Kaum war ich einen Tag hier, wollte ich auch schon wieder nach Hause! Weg von diesem dunklen und bedrückenden Ort, der nicht umsonst den Namen Düsterwald trug. Und weg von diesem Elb! Weg von Legolas!

Das Königsschloss war zwar umgeben von einem herrlichen Garten, in dem Blumen, Büsche, Bäume und Pflanzen aller Arten und Farben wuchsen, schaute man jedoch hinter die große Schlossmauern, so sah man nur noch düsteren und bedrohlichen Wald, soweit das Auge reichte. Mein Vater erklärte mir, das die Stadt der Elben vom Schloss aus nicht so düster wirkte. Und er hatte recht. Hinter dem großen Schloss befand sich ein zweiter Ring, wo eine größere Elbensiedlung zu erkennen war. Sie reichte bis an den Fluss und anstelle einer Mauer, war sie von einem hohen Wall umringt. Dieser war mit Wachtürmen bespickt und es gab am Fuße des Walls Befestigungsanlagen, die wahrlich beeindruckend waren.
Dennoch, wie konnte man hier nur sein ganzes unsterbliches Leben verbringen wollen? Es war mir ein Rätsel! Allerdings erklärte es auch, warum der Prinz von Düsterwald so sonderbar wirkte. Vielleicht deprimierte selbst ihn dieses Umfeld?

Schon am Tage unserer Ankunft im Schloss benahm sich der Prinz sehr eigenartig.
Von Thranduil wurde mein Vater warm willkommen geheißen. Lange war ihr letztes Treffen her, über zwanzig Jahre! Der Weg von Rohan war für einen Menschen recht lang und Beschwerlich und da die Straßen schon seit lange nicht mehr sicher waren, musste es schon einen guten grund geben, um sich diese Strapazen aufzuhalsen.
Ich stand etwas abseits und nutzte die Zeit um die gigantische Eingangshalle des Schlosses zu betrachten. Die schneeweiße, kuppelförmige Decke wurde von vielen Säulen gestützt. Sie hatte die Form junger Baum die über und über mit rankendem Blätterwerk umschlungen waren. Vielleicht Efeu oder etwas ähnliches dachte. Bogenförmige Fenster ließen das Sonnenlicht in die Halle fluten und tauchten die ganze Szenerie in warmes gelb und grün. Ein unvorstellbarer Kontrast zu dem dunklen Wald, durch den wir eben erst geritten waren.

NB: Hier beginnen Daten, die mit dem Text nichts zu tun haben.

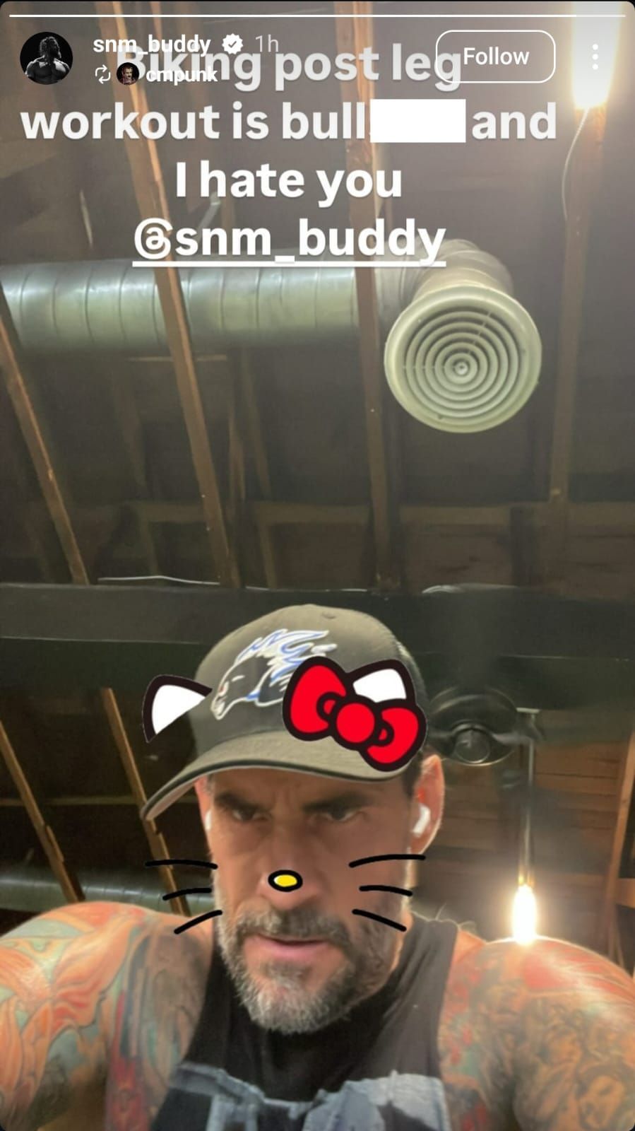 Recently, the former AEW World Champion worked out with Buddy Matthews. Apparently, the duo did leg workouts together and then rode bikes following the intense exercise session. CM Punk did not like this idea and took to Instagram to share a story. He then stated that he hated the Australian star for making him do it. Buddy Matthews also reshared the story on his Instagram.

„Und wer ist diese hübsche junge Lady, Aromer, mein Freund?“ Thranduils fragender Blick, der auf mir lag, riss mich aus meinen Betrachtungen. Ich hatte gar nicht mitbekommen, dass der König inzwischen nahe an mich heran getreten war und ich ihm nun geradewegs in die blauen, forschenden Augen schauen musste.
Er war riesig und sein dunkelbraunes langes Haar war kunstvoll geflochten und in einer elbentypischen Krone eingearbeitet. Wie die Elben dies hinbekamen, war mir ein Rätzel.
„Dies ist Minuil, meine Tochter.“ Der Stolz in der Stimme meines Vaters erfreute mich.
„Deine Tochter? Fürwahr, lange Zeit ist vergangen da wir uns das letzte Mal trafen!“, Thranduil betrachtete mich mit einem für Elben recht verblüfften Gesichtsausdruck. Seine feinen Lippen kräuselten sich zu einem Lächeln. Ich schien ihm zu gefallen.
„Ihre Mutter muss eine wahre Schönheit sein, Aromer.“ Ich merkte, wie ich leicht errötete. Ein Kompliment, und dazu noch von einem Elben, der täglich von den schönsten Geschöpfen Mittelerdes umgeben war. In Vergleich zu den wunderschönen Elben musste ich wie ein Bauerntrampel aussehen, in meinem schlichten Kleid, wie es die Frauen in Rohan zu tragen pflegten und mit meinen blonden Haaren, die nur mit einem Lederriemen zusammengebunden waren.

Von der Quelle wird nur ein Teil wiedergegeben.